[Opening SOURCE RECORDS section]

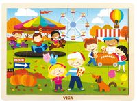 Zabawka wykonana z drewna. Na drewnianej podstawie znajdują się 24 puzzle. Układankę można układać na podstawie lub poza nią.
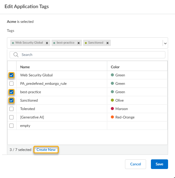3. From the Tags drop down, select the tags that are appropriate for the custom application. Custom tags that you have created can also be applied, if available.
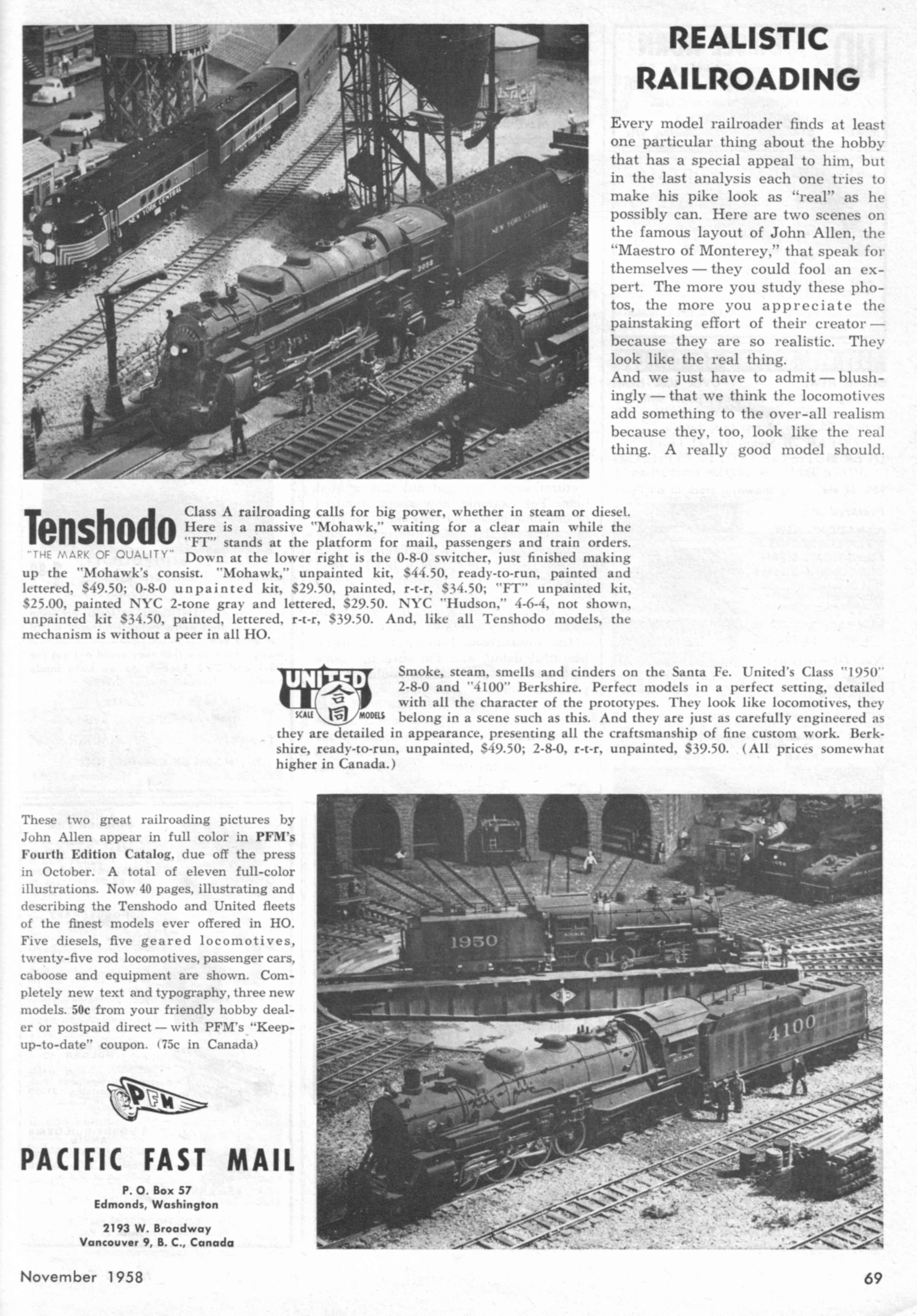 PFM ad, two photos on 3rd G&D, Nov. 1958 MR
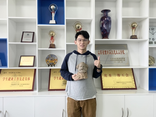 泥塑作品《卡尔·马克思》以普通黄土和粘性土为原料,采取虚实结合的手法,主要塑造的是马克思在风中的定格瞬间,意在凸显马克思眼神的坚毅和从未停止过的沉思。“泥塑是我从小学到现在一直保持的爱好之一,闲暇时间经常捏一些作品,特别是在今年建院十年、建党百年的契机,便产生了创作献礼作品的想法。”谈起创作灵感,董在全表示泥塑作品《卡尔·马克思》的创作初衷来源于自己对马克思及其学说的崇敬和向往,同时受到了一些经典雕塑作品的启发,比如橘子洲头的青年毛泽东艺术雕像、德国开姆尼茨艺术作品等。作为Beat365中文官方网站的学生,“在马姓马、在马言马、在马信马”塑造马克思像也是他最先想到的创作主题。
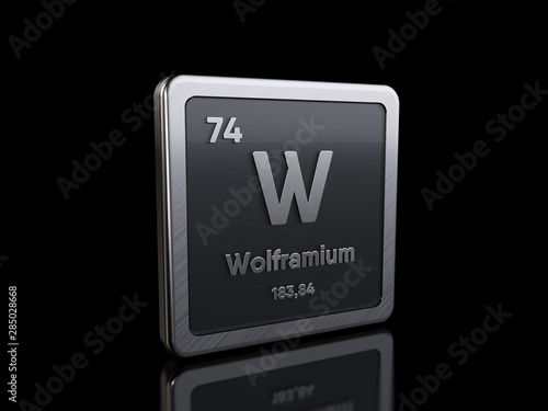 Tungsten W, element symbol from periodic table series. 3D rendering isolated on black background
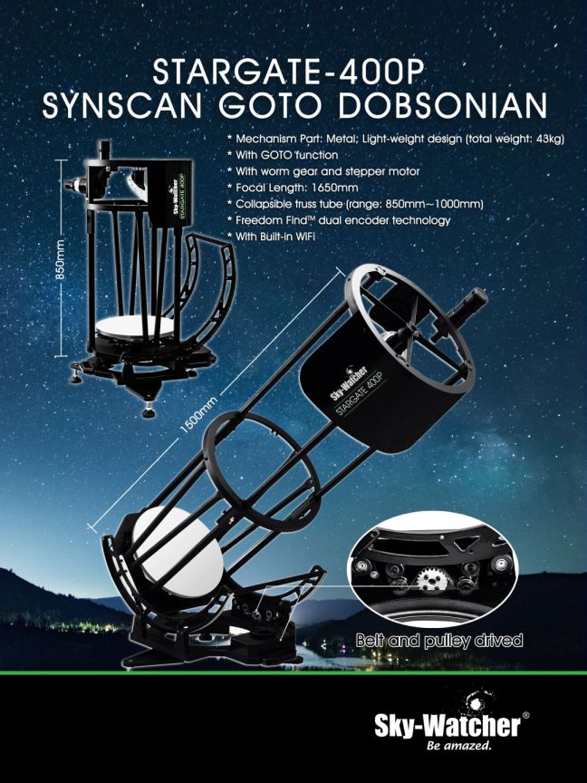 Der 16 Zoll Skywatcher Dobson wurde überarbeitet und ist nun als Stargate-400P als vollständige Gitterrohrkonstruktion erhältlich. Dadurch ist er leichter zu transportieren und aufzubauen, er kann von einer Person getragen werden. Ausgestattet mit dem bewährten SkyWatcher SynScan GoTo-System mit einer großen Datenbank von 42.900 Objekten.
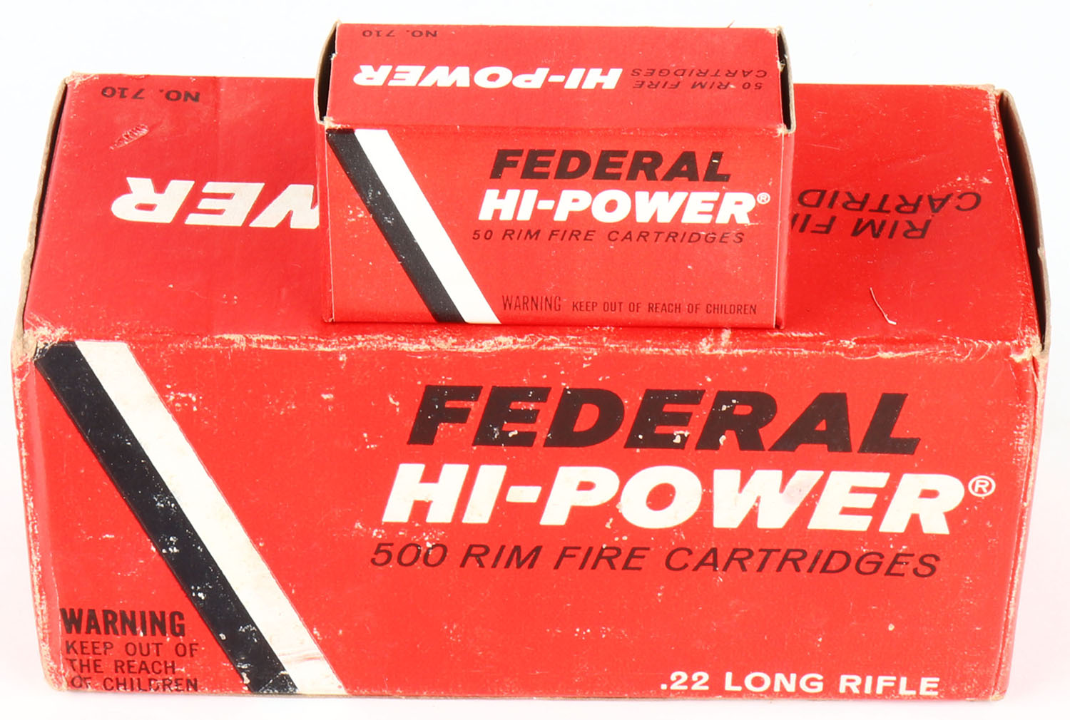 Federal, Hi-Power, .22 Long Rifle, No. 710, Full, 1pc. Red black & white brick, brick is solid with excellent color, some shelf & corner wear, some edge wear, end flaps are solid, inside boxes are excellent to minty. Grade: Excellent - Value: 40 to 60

[Closing SOURCE RECORDS section]
[Opening SOURCE RECORDS section]

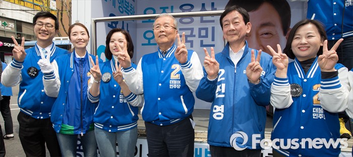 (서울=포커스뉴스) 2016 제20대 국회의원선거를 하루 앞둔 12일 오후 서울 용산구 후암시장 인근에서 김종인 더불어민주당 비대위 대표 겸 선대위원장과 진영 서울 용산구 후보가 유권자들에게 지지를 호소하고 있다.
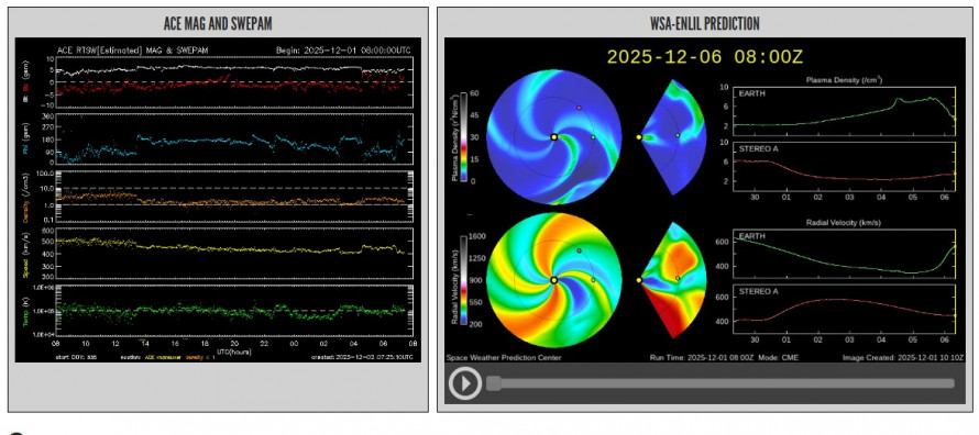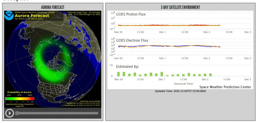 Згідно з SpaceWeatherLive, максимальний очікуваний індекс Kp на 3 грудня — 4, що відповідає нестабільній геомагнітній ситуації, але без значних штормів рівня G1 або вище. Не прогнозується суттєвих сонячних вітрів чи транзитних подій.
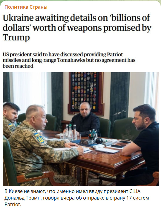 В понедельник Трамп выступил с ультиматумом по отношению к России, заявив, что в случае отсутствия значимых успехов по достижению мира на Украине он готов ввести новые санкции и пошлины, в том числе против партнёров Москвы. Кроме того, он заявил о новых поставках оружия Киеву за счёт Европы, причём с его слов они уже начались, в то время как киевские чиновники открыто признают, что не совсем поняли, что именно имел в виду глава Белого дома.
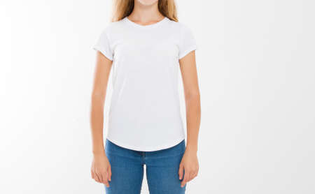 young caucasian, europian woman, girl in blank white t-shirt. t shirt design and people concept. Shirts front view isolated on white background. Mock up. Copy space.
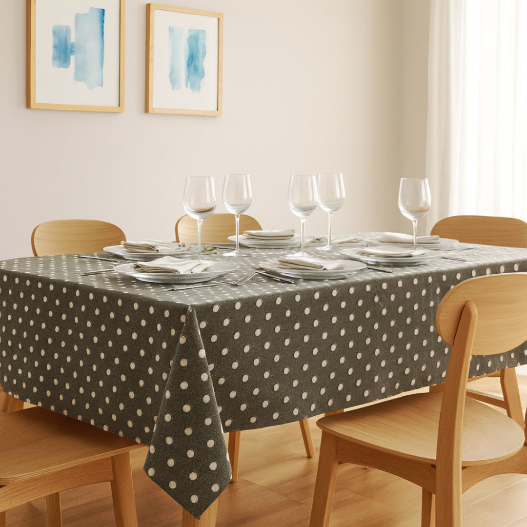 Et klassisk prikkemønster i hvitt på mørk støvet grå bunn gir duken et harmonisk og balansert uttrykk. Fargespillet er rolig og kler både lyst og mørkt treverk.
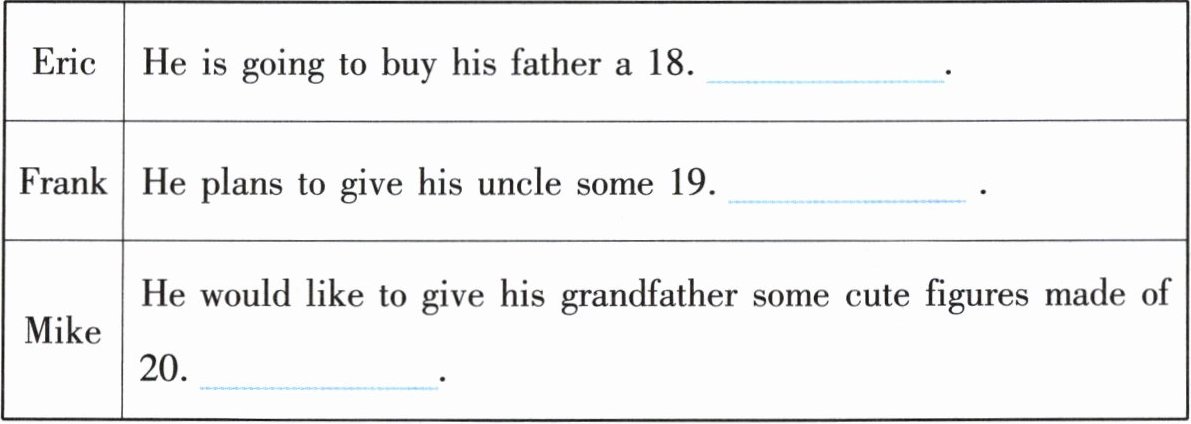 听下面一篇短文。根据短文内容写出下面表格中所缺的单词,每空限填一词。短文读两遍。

[Closing SOURCE RECORDS section]

**WHAT YOU NEED TO DO:**
Output exactly, and only, the lines of the entries above from the one with "Згідно з SpaceWeatherLive, максимальний" up to and including the one with "В понедельник Трамп"; pictures are to be left out.

**ANSWER SECTION:**
 Згідно з SpaceWeatherLive, максимальний очікуваний індекс Kp на 3 грудня — 4, що відповідає нестабільній геомагнітній ситуації, але без значних штормів рівня G1 або вище. Не прогнозується суттєвих сонячних вітрів чи транзитних подій.
 В понедельник Трамп выступил с ультиматумом по отношению к России, заявив, что в случае отсутствия значимых успехов по достижению мира на Украине он готов ввести новые санкции и пошлины, в том числе против партнёров Москвы. Кроме того, он заявил о новых поставках оружия Киеву за счёт Европы, причём с его слов они уже начались, в то время как киевские чиновники открыто признают, что не совсем поняли, что именно имел в виду глава Белого дома.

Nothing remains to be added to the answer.